WHAT IS REQUIRED: Using the material below, return exactly the lines between the one holding "수입업계에 따르면 4월" and the one holding "kurz, Edelstahl, 18", inclusive, and no others.

DATA UNDER STUDY:
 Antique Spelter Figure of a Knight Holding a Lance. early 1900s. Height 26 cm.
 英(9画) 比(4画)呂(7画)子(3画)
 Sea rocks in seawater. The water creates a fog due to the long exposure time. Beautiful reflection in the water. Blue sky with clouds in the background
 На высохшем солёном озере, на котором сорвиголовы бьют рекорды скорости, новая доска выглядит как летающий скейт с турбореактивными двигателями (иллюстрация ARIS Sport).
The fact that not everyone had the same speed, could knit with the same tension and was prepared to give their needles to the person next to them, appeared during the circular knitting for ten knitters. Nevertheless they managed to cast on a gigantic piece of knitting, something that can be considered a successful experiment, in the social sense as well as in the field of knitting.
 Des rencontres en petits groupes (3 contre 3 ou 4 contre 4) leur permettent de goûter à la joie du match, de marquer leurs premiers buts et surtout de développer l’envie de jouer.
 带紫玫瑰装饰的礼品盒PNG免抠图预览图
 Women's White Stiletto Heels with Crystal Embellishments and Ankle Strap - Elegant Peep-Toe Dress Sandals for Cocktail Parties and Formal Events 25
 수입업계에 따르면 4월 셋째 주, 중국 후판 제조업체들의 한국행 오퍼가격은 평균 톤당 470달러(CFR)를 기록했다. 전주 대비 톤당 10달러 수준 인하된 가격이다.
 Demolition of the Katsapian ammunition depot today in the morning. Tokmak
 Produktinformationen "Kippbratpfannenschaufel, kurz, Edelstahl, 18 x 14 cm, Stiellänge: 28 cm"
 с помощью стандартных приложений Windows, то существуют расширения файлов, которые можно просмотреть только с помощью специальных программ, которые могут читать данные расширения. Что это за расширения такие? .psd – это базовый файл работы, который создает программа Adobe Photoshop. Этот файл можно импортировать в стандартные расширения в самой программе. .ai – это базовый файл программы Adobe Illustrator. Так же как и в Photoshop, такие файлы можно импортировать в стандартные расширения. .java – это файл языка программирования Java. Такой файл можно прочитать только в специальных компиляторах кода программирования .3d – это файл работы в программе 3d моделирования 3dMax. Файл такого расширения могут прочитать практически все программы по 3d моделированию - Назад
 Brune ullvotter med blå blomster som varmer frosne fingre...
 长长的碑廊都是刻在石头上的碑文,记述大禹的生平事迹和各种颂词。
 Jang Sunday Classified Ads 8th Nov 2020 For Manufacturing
--
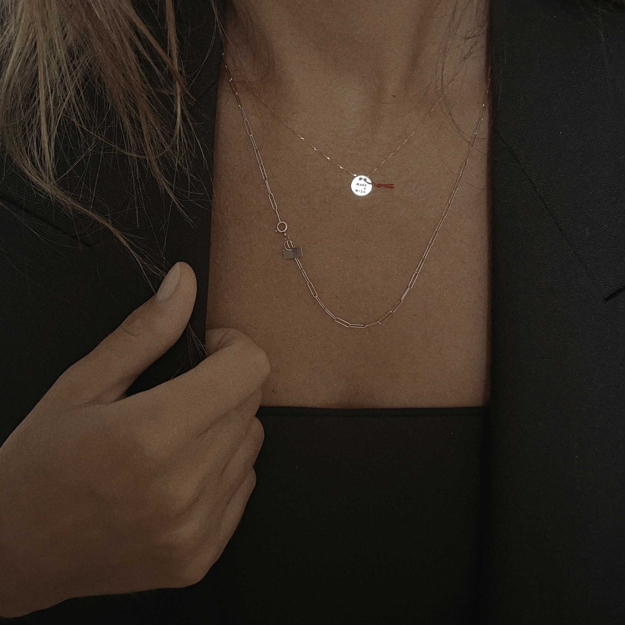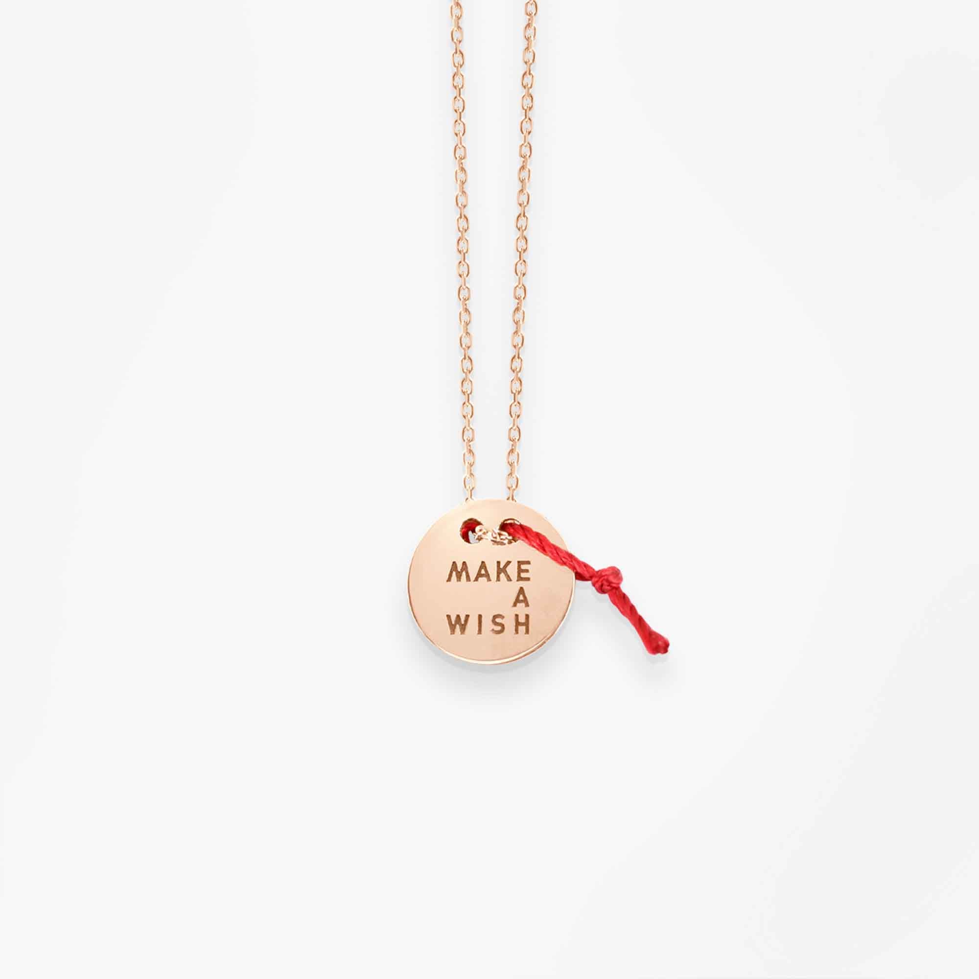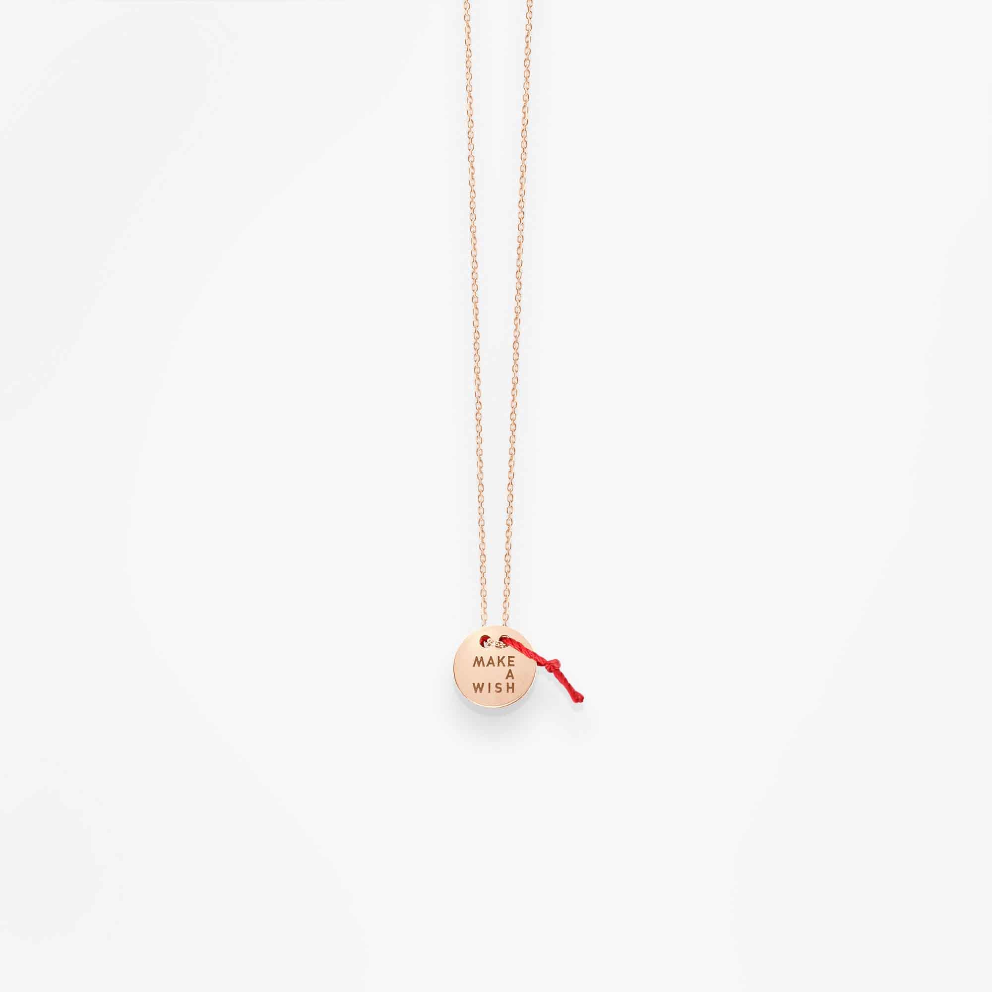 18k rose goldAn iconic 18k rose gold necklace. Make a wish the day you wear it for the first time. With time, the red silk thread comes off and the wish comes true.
---
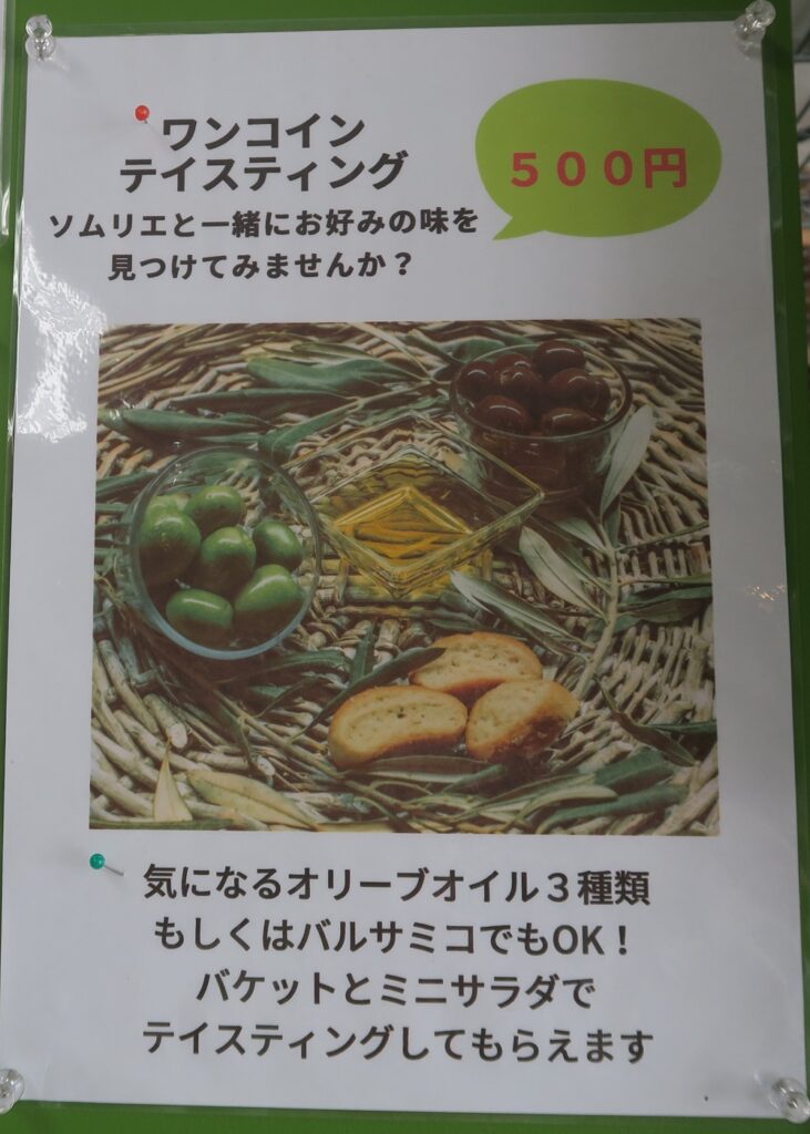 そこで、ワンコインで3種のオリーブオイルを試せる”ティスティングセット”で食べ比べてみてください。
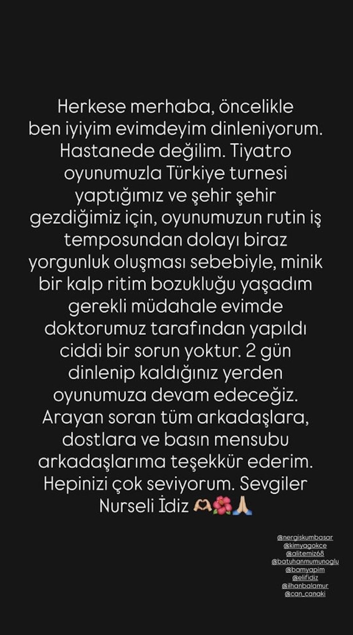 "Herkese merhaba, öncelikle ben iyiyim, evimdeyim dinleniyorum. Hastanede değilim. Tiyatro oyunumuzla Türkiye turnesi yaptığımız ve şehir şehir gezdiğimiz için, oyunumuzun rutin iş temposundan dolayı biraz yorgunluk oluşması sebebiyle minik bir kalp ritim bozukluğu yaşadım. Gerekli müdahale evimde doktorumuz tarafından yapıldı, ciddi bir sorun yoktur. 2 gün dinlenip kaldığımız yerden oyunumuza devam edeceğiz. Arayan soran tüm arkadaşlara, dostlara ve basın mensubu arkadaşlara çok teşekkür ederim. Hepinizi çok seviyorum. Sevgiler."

RESPONSE TO THIS EXERCISE:
 수입업계에 따르면 4월 셋째 주, 중국 후판 제조업체들의 한국행 오퍼가격은 평균 톤당 470달러(CFR)를 기록했다. 전주 대비 톤당 10달러 수준 인하된 가격이다.
 Demolition of the Katsapian ammunition depot today in the morning. Tokmak
 Produktinformationen "Kippbratpfannenschaufel, kurz, Edelstahl, 18 x 14 cm, Stiellänge: 28 cm"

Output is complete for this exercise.